Since all of us are slightly behind, the database and NLP integration hasn’t been able to happen, yet. I am fairly confident that the database component is complete functionality-wise, and unit-testing has been conducted. Therefore, once we meet again next week, Lisa and I will be able to start utilizing the database with data from the NLP module.

Plans for Next Week

Our microphone and infrared sensor are set to arrive next week. Therefore, I will shift gears and start programming the microphone against our RPi 4.

Lisa and I will also try to integrate our NLP modules and database modules during the mandatory lab meetings.

Nina Duan’s Status Report For 2/25/2023

Personal Accomplishment

On Wednesday, I presented my group’s design review presentation and received valuable feedback.

After following up on our request for AWS credit, I was told that we should use a free, open source database instead of AWS DynamoDB. As a result, I spent some time experimenting with Replit, the database an instructor recommended, and Redis. However, the free version only allows us to create public repositories, which could result in academic integrity issues, so I ended up choosing Redis. While Redis is built to support storage of complex data structures, it works perfectly well with small-scale, simple key-value pairs we are planning on storing, too. In addition, because it is an open source database, there are many sample projects and usages that we can draw inspiration from.

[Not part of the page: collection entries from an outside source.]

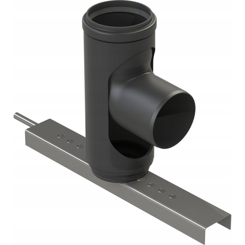 Łokieć spalinowy DN60 87° Almeva STARR PBTU05 ze stopą z kotwieniem czarne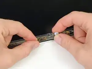 После отделения верхнего левого угла от дисплея может быть полезно использовать медиатор или другой тонкий пластиковый предмет, чтобы стекло не прилипло обратно к узлу дисплея.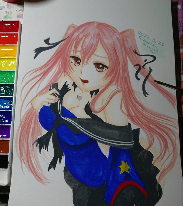 「…ちょっといいとこ見せたかったな」 #艦これ版深夜の真剣お絵描き60分一本勝負 #艦これ版真剣お絵描き60分一本勝負_20220309 #村雨 #艦これ #アナログイラスト #Watercolor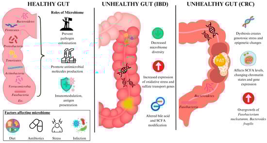 A comparison between a healthy gut and the diseased guts observed in IBD and CRC. Abbreviations: CRC: colorectal cancer; IBD: inflammatory bowel disease; SCFA: short chain fatty acid.
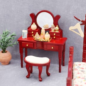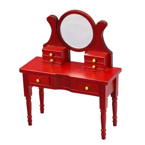Tamanho: Comprimento 9,3 cm Largura 3,7 cm Altura 11,8 cm Material: madeira compensada Peso: 80 g Design encantador de penteadeira: esta penteadeira em miniatura apresenta uma elegante cor de madeira vermelha com um espelho redondo combinando e várias gavetas, perfeita para o ambiente de seu quarto de casa de bonecas. Construção em madeira de qualidade: feita de madeira compensada de alta qualidade, esta peça de mobiliário é durável e finamente trabalhada, oferecendo uma adição realista e resistente à sua mini casa. Compatibilidade na escala 1:12: ideal para casas de bonecas na escala 1:12, esta penteadeira foi projetada para complementar outros acessórios em miniatura, proporcionando uma aparência coesa em seus quartos de casa de bonecas. Incentiva a brincadeira de fingir: ótima para incentivar a criatividade e o jogo criativo, esta penteadeira em miniatura permite que crianças e colecionadores criem e personalizem as configurações da casa dos seus sonhos. Aviso de segurança: Para brinquedos que não sejam infantis, tenha cuidado para evitar ingestão acidental ou ferimentos em crianças; este produto é apenas um modelo de brinquedo, não para pessoas reais; sugestões de adaptação: casa de bebê e boneca em escala 1/12.
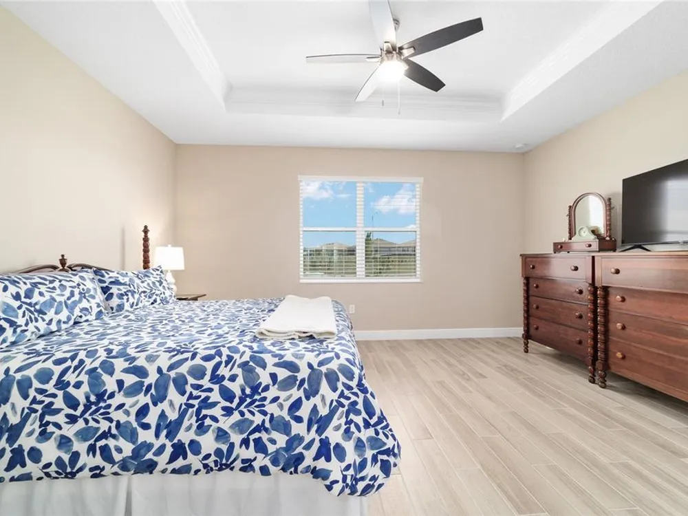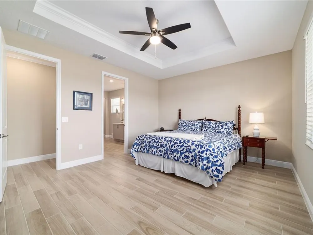 - Ceiling Fan(s), Crown Molding, High Ceilings, Open Floorplan, Main Level Primary, Smart Home, Split Bedrooms, Stone Counters, Thermostat, Tray Ceiling(s), Walk-In Closet(s), Window Treatments

As of now, I have finished setting up the cloud database and written skeletal Python code for simple data insertion, removal, and modification.

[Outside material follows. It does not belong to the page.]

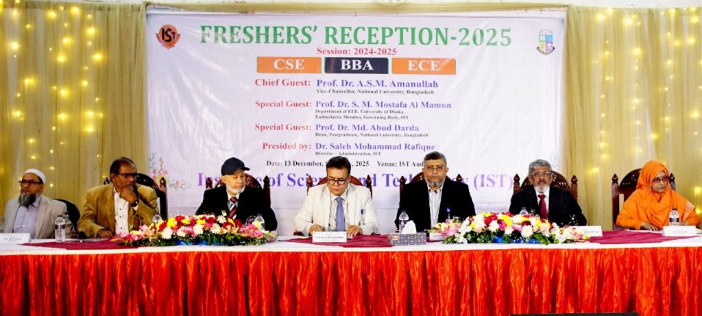 আজ শনিবার (১৩ ডিসেম্বর) সকাল ১০টায় ধানমন্ডিস্থ ইন্সটিটিউট অব সাইন্স এন্ড টেকনোলজি’র (আইএসটি) অডিটোরিয়ামে ২০২৪-২৫ শিক্ষাবর্ষের নবীন বরণ অনুষ্ঠান-২০২৫ অনুষ্ঠিত হয়। উক্ত অনুষ্ঠানে সভাপতিত্ব করেন বীর মুক্তিযোদ্ধা এবং আই.এস.টি’র পরিচালক (প্রশাসন) ও স্বাস্থ্য অধিদপ্তরের সাবেক পরিচালক ডা. সালেহ্ মুহম্মদ রফিক।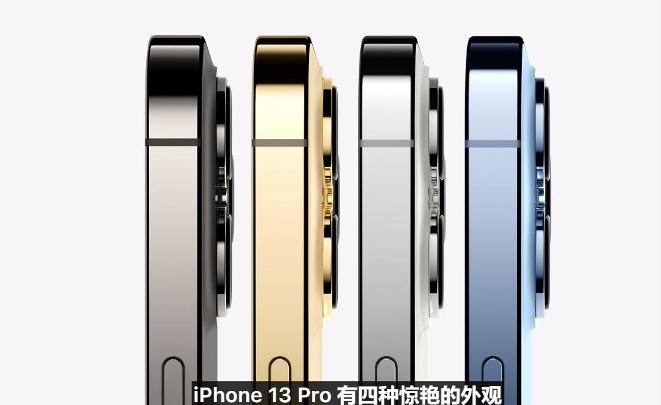 配色是iPhone 13的一大亮点。中端的iPhone 13/13 mini新增了粉色,以吸引年轻的女性用户,此外还提供黑、白、红、蓝等配色;高端的iPhone 13 Pro/Pro Max则分为天蓝、金色、银色和石墨色,整体观感较为商务范儿。

I will follow up with a more detailed storage model design in my next status report and our design review report.

About Schedule

Since we switched to Redis Database in the middle of the week, I have fallen behind schedule. However, because our project only relies on a few basic functionalities that are common among most noSQL cloud databases, this change won’t require a drastic change in our design.

Plans for Next Week

Other than crafting the design review report, I will create object classes representing customer orders and related subcategories in Python, which will match how they are stored in the cloud database. Completing this will allow us to integrate the cloud database with our NLP algorithm, which Lisa is still in the process of fine tuning.

Team Status Report For 2/25/2023

Teaming

This week we have made a Github repository for our project’s code files.

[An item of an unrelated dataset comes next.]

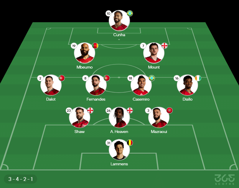 Escalação do Manchester United: Lammens, Mazraoui, Heaven e Luke Shaw; Amad Diallo, Casemiro, Bruno Fernandes e Diogo Dalot; Mason Mount, Mbeumo e Matheus Cunha. Técnico: Rúben Amorim.

Each member has made progress on some of the assigned tasks, which will be explained in detail in everyone’s status reports. A simple version of the natural language processing system has been created; it is able to detect menu items based on basic sentence structures (such as “I want one hamburger” / “A cheeseburger, please”), and we are still in the process of debugging and determining the ideal approach to process more complicated grammar structures and tackle edge cases.

While working on our individual tasks next week, we will write the design review report together.

Risks

The most significant risk is falling behind the schedule for our project, since most of the work is taking longer than expected. We will make sure to allocate enough slack time before the final deadline to accommodate potential schedule changes. We also have decided to continue working on the project over spring break to make more progress.

Design Changes

Since it’s unlikely that we will be able to get AWS credit through the capstone course, we plan on switching our cloud database to Redis. We also considered Replit, which an instructor suggested. However, the free version only allows us to create public repositories, which doesn’t satisfy one of our basic requirements. Fortunately, this change doesn’t affect our design much as our project only relies on a few basic functionalities that are common among most noSQL cloud databases. In addition, since we have a few spare infrared sensors, we might be using multiple sensors to detect the presence of a customer in order to increase detection accuracy.

Schedule

We have updated our schedule according to the current week’s progress.

The setup of the infrared sensor is shifted to an earlier date since the Raspberry Pi has already arrived.

The natural language processing system is taking longer than expected to program, so we have extended the timeline for a week and will potentially still work on polishing it when integrating the database and NLP system.

Nina Duan’s Status Report For 2/18/2023

Principles of Engineering, Science, and Mathematics – Relevant Courses

Many courses touched on the importance of ethical considerations in engineering. For example, both 18-100 and 18-500 had slides dedicated to the societal/economic/environmental impact of engineering.

Modularity is also emphasized in many ECE and CS courses. Project-heavy courses such as 18-341, 18-349, 15-445, 17-214 especially focused on this, since modularity makes a large project more testable and maintainable.

Personal Accomplishment

For the first half of the week, I focused on researching microcontrollers and databases.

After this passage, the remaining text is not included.